Menurut WHO, rabies terbesar secara luas di dunia, lebih dari 150 negara
terinfeksi oleh penyakit zoonsis ini. Wilayah dengan kasus rabies terbanyak ialah
Afrika, Asia dan Amerika selatan. Jumlah kematian akibat rabies ini berbeda-beda
tiap negara. Jumlah kematizn akibat rabies relatif lebih rendah di eropa dan Amerika
Utara, yaitu 0-2 kematian per tahun. Negara-Negara bebas rabies di dunia, antara
lain Australia, Inggris, Jepang, New Zealand, Scandinavie dan Taiwan
Laporan OIE (Organization International des Epizooties) menyatakan bahwa
penyakit Rabies di negara berkembang merupakan penyakit kedua yang paling
ditakuti wisatawan mencanegara setelah penyakit malaria. Angka kematian rabies
mencapai 100% dengan menyerang pada semua umur dan jenis kelamin.
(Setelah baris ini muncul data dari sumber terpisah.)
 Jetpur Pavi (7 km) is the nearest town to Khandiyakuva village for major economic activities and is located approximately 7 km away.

Rabies
menyebabkan 30.000-70.000 kematian per tahun. Reservior utama penyebab rabies
Canada dan Amerika Serikat yang kasus rabiesnya lebih sering disebabkan singgung
rakun, dan rubah. Selain itu, infeksi binatang liar termasuk kelelawar dapat
menularkan rabies pada manusia, namun jumlah terbesar penyebab rabies sekaligus
penyebab kematian terbanyak disebabkan oleh anjing. Lebih dari 90% kasus rabies
pada manusia di Asia dan Afrika disebabkan oleh Anjing.
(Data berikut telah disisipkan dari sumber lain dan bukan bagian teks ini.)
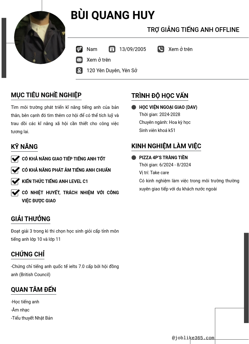 Xem hồ sơ ứng viên Bùi Quang Huy cần 2 điểm. Hồ sơ được cập nhật ngày: 29/08/2024

Di Indonesia, kasus rabies pertama kali dilaporkan oleh Esser pada tahun
1884 pada seekor kerbau, kemudian oleh Penning tahun 1889 pada seekor anjing
oleh Eiler de Zhann tahun 1894 pada manusia. Kasus ini terjadi di propinsi jawa
barat dan setelah itu penyakit rabies terus menyebar ke daerah Indonesia lainnya.
Sampai saat ini daerah tertular rabies terdapat di 24 provinsi dari 33 provinsi di
Indonesia dan hanya terdapat 9 provinsi yang masih dinyatakan sebagai daerah
bebas rabies yaitu sebagai berikut ; Kepulauan Riau, Bangka Belitung, DKI
Jakarta, DI Yogyakarta, Jawa Tengah, NTB, Jawa Timur, Papua Barat, dan Papua.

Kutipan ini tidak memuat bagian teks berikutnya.